Любой уважающий себя ученый или просто человек, близкий к науке (я говорю о близких к науке, чтобы не оставить за бортом самого себя), мечтает оставить в ней заметный след. Разумеется, в самом хорошем смысле этого слова.
Увы, большинству из нас приходится расставаться со своей мечтой. Я давно понял, что мечтаю напрасно. Сердце подсказывает мне, что никогда «закон Азимова» не попадет на страницы учебников физики, никогда «реакция Азимова» не будет запечатлена в учебниках химии. Возможность создать «теорию Азимова» и даже просто высказать «гипотезу Азимова» ускользнула от меня, и я остался ни с чем.
Ни с чем — это значит с электрической пишущей машинкой, зычным голосом и тайной надеждой, что какая-нибудь моя мысль, пусть даже случайно высказанная, заронит искорку в более светлую голову и поможет ей придумать что-то стоящее.
Так оно и случилось.
Через несколько недель после того, как был впервые опубликован материал предыдущей главы, я получил письмо от доктора Чу, работавшего после защиты докторской диссертации в Институте высших исследований в Принстоне.
Он изложил свои соображения о максимальной возможной температуре, указав при этом, что выводы предыдущей главы возникли из предположения о бесконечности Вселенной. Если бы Вселенная была конечна, то она имела бы и конечную массу. Если бы вся конечная масса, кроме одной частицы, была полностью превращена в энергию и эта энергия сконцентрировалась бы на единственной оставшейся частице (а мы предположили бы, что можно измерить температуру в системе, состоящей всего из одной частицы), тогда мы наконец добрались бы до максимальной возможной температуры материи. Он вычислил, какова была бы эта температура. Она оказалась чудовищно высокой, но, разумеется, не бесконечной.

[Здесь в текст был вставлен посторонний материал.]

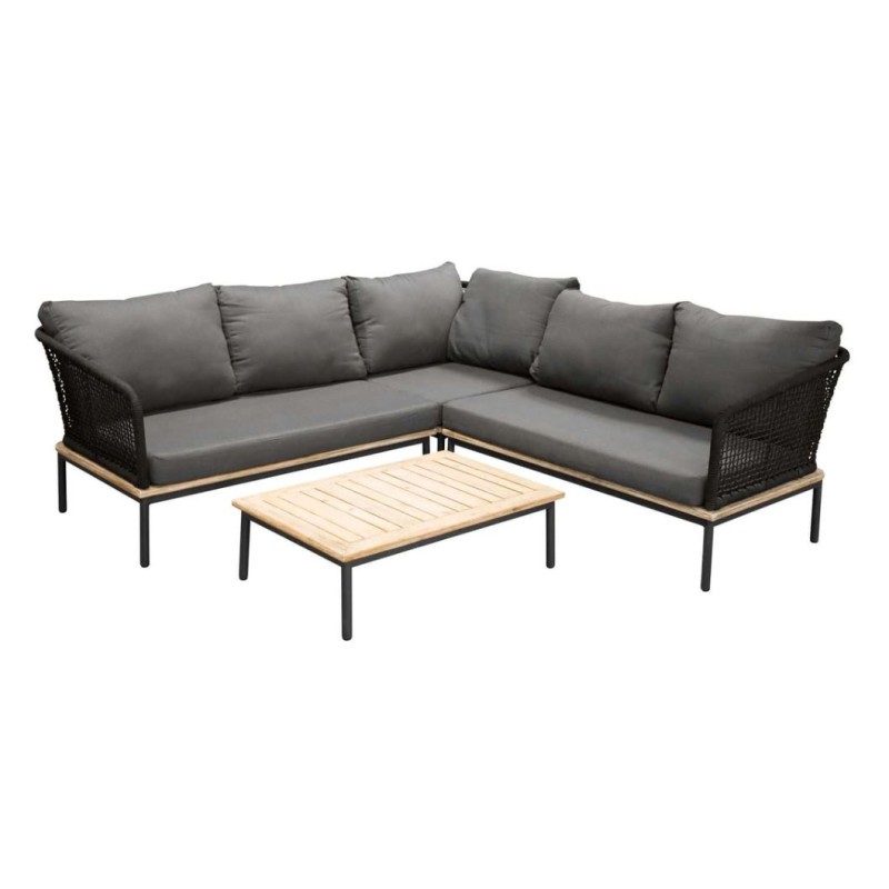 Andorra – En nätt och stilren soffgrupp i modern design. Soffgruppen består av en hörnsoffa tillverkad i en svart pulverlackerad metallram med stilfulla detaljer i akacia och en rygg i svart rep inklusive mjuka tjocka mörkgrå dynor, samt ett lågt stilrent soffbord med en bordsskiva i akacia och ett underrede i samma utförande som hörnsoffan.
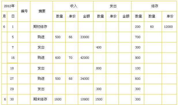 案例资料:甲公司2012年6月份A商品的购进、发出和结存资料,见下表:
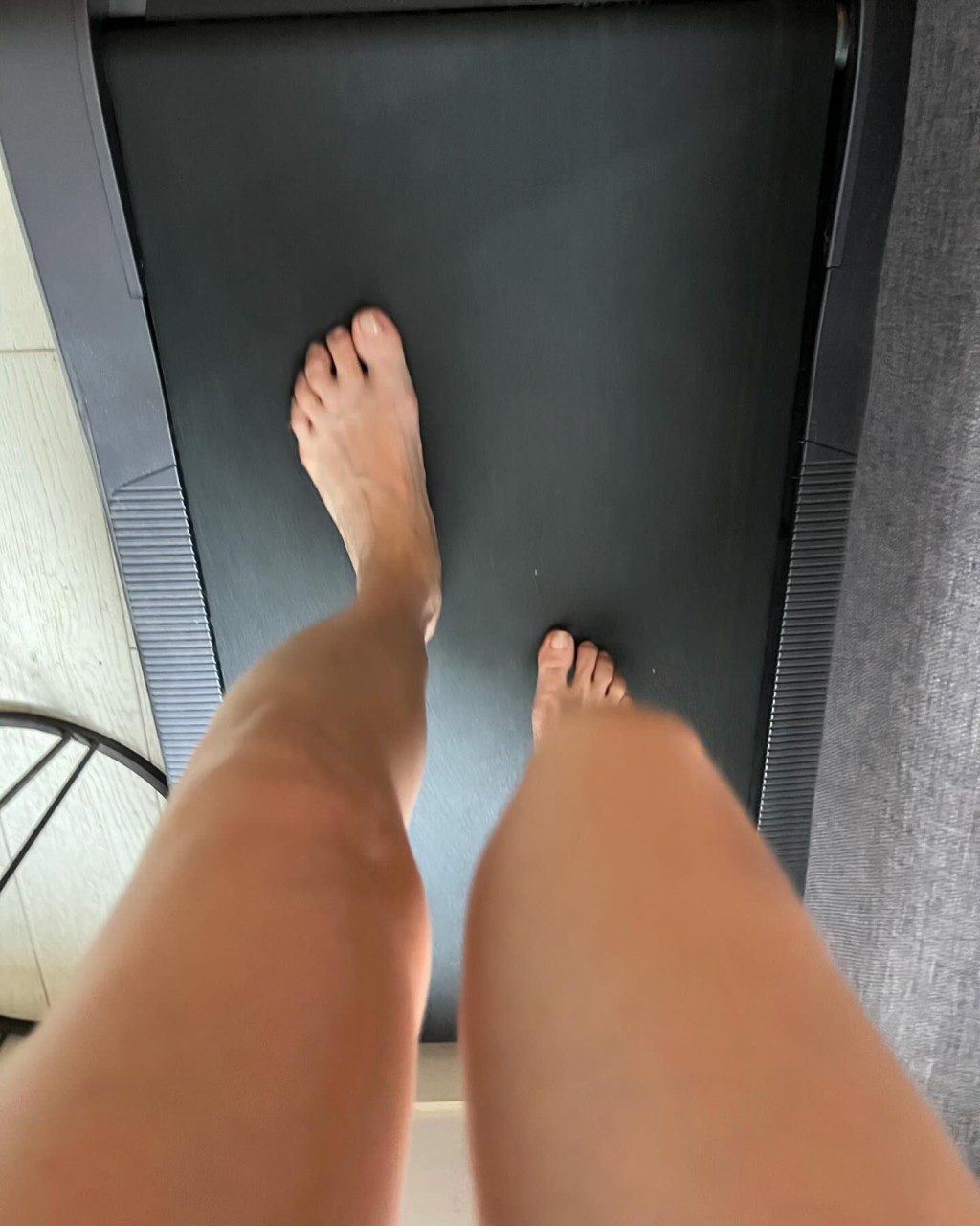 ▲關寶慧赤腳在跑步機上跑步,看起來好危險。

Однако проблема максимальной возможной температуры при условиях, существующих ныне во Вселенной, продолжала занимать доктора Чу даже после того, как он покинул Принстон и стал работать в Институте космических исследований в Нью-Йорке. В письме, которое он мне послал 14 ноября 1961 года, говорилось (цитирую его с любезного согласия доктора Чу):
«Я переключился с физики элементарных частиц на астрофизику тотчас после того, как получил докторскую степень. Ваша статья возбудила во мне интерес к сверхновым звездам. Как известно, горячéе недр этих звезд не бывает ничего. Может быть, именно там верхний предел температуры?»
Вскоре он опубликовал статьи в «Физикал ревьюз» и «Анналз оф физикс», в которых в общих чертах излагалась его теория образования сверхновых звезд.
С сугубо корыстной целью мне хотелось бы дать вам некоторое представление об этой новой теории, но прошу вас помнить, что доктор Чу ответственности за то, как я ее изложу, не несет. В своих статьях он пользуется двойными интегралами, гиперболическими функциями и математическими приемами всех видов, которые, разумеется, не укладываются в элементарную алгебру и даже меня иногда ставят в тупик. Поэтому, возможно, я могу неверно истолковать некоторые высказывания.
Однако я сделал все, что было в моих силах, и, как всегда, начну с самых истоков вопроса, то есть с субатомной частицы — нейтрино. Начало ее волнующей истории связано с именем Эйнштейна. В 1905 году в своей специальной теории относительности Эйнштейн показал, что масса неразрывно связана с энергией и что величина этой энергии может быть подсчитана по простой формуле. (Да-да, я говорю о формуле Е = МС2.)